Restate the following data in its entirety, word for word and without images.

AVAILABLE DATA:
● ● ● ● ● ● ●

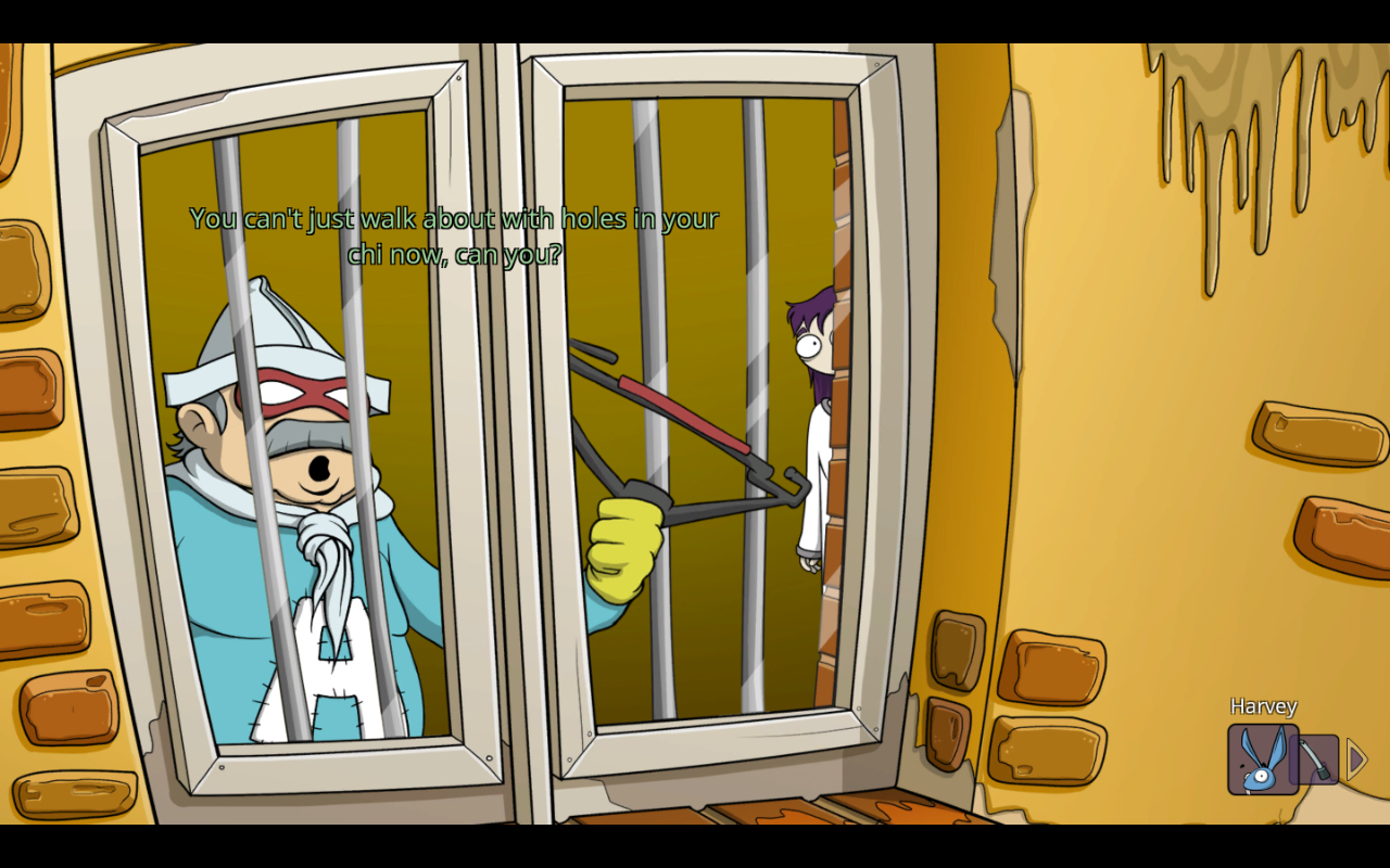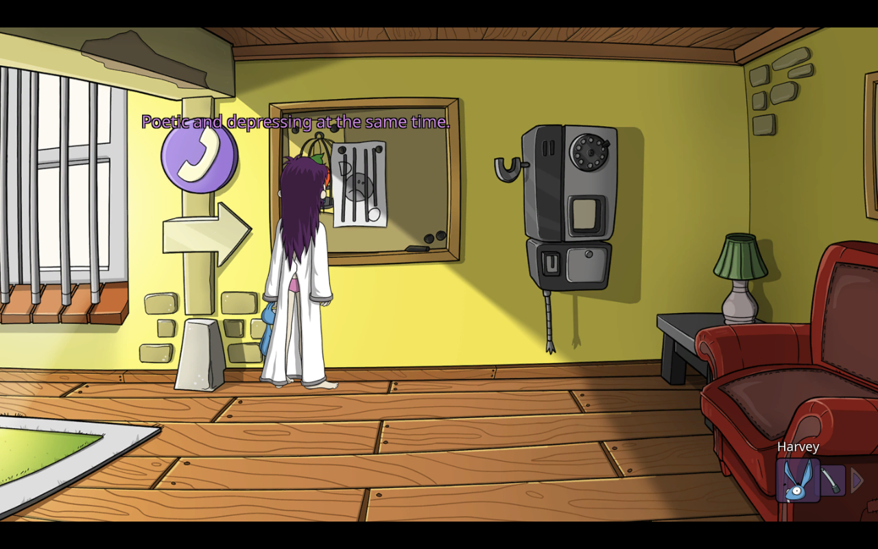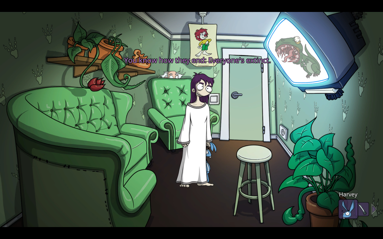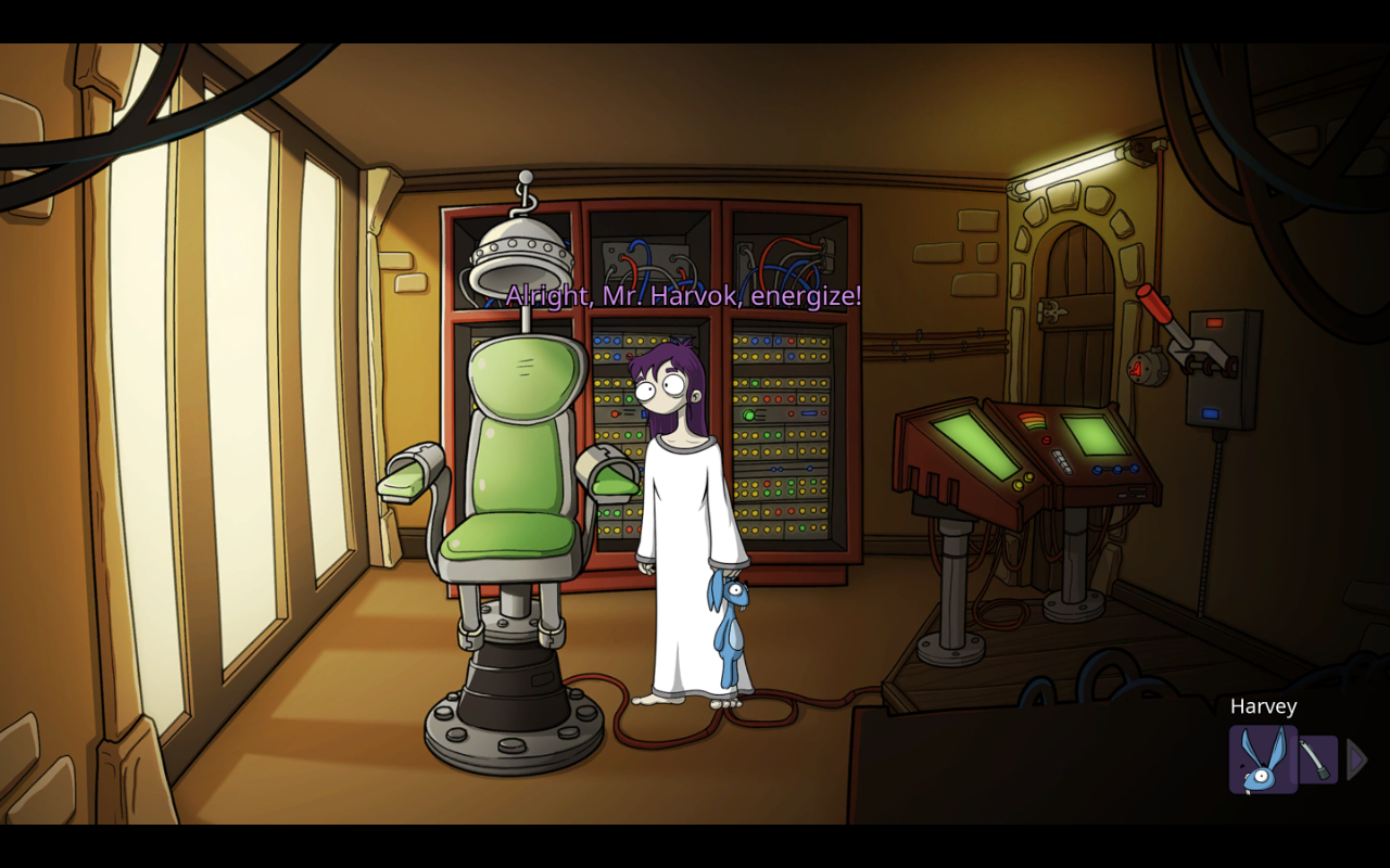 The story follows a girl named Edna Konrad, being kept in an asylum for reasons unclear to her. Thanks to her stuffed rabbit that she imagines talks to her, the titular Harvey, she does manage to understand that whatever led her here has something to do with the corrupt Dr. Horatio Marcel in charge of the place. After a trip to his office, she realizes her situation has something to do with the death of Dr. Marcel’s toad of a son and her father taking the fall for that. The two become motivated to figure out the truth, escape, and bring Marcel to justice, though that first requires doing various ridiculous point and click puzzles around the asylum’s eccentric patients.
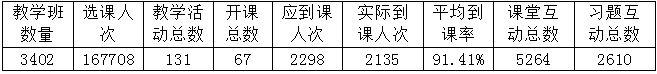 best365官网师生在雨课堂平台使用情况,根据大数据统计,由此查看本周教学班数量、教学活动总、开课总数、应到课人次、实际到课人次、课堂互动总数、平均到课率、习题互动总数,详情见下表:
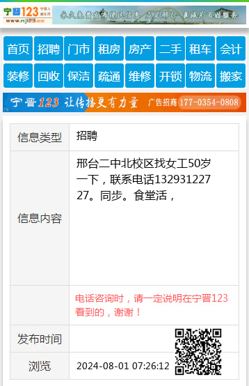 邢台二中北校区找女工50岁一下,联系电话13293122727。同步。食堂活,
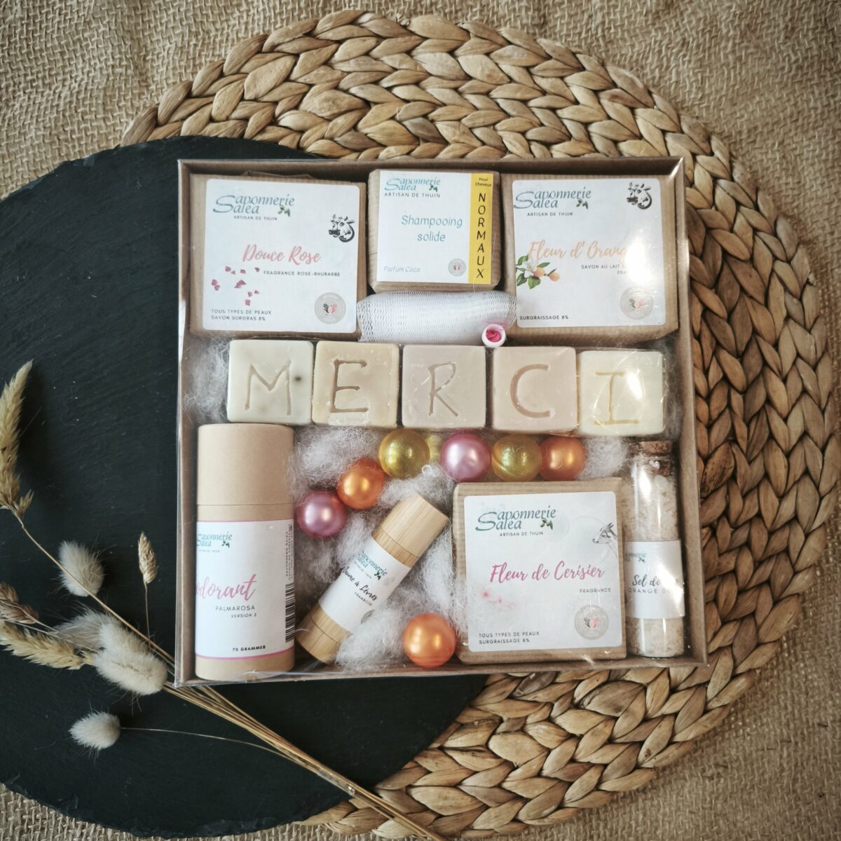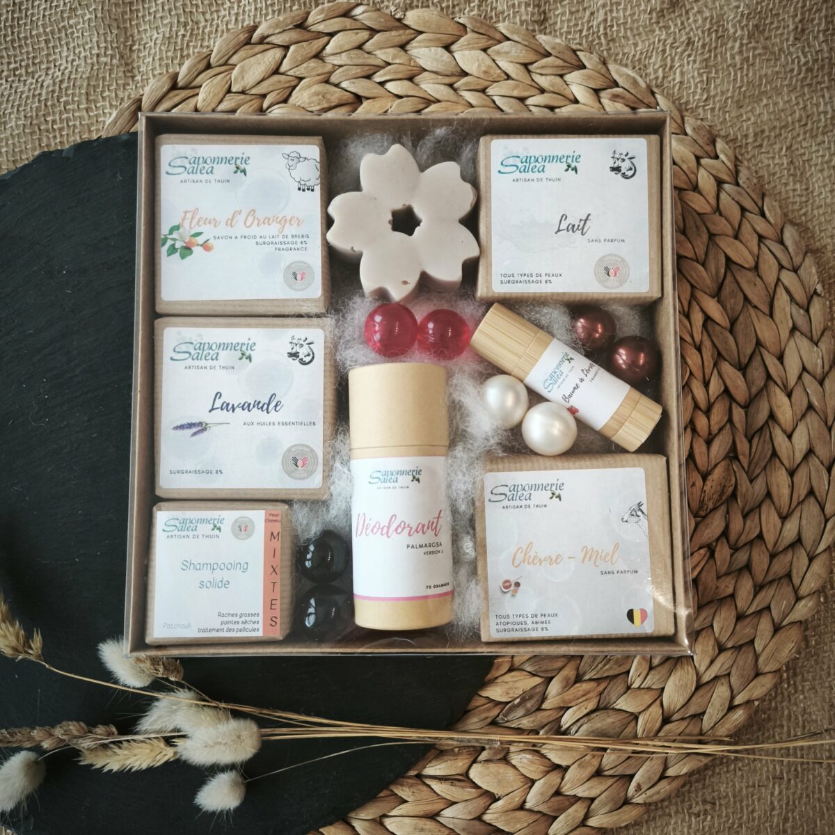 Soin des lèvres & accessoires : baume à lèvres, porte-savon, sac/pochon, petit mot en cubes.

● ● ● ● ● ● ●

EXERCISE RESPONSE:
 The story follows a girl named Edna Konrad, being kept in an asylum for reasons unclear to her. Thanks to her stuffed rabbit that she imagines talks to her, the titular Harvey, she does manage to understand that whatever led her here has something to do with the corrupt Dr. Horatio Marcel in charge of the place. After a trip to his office, she realizes her situation has something to do with the death of Dr. Marcel’s toad of a son and her father taking the fall for that. The two become motivated to figure out the truth, escape, and bring Marcel to justice, though that first requires doing various ridiculous point and click puzzles around the asylum’s eccentric patients.
 best365官网师生在雨课堂平台使用情况,根据大数据统计,由此查看本周教学班数量、教学活动总、开课总数、应到课人次、实际到课人次、课堂互动总数、平均到课率、习题互动总数,详情见下表:
 邢台二中北校区找女工50岁一下,联系电话13293122727。同步。食堂活,
 Soin des lèvres & accessoires : baume à lèvres, porte-savon, sac/pochon, petit mot en cubes.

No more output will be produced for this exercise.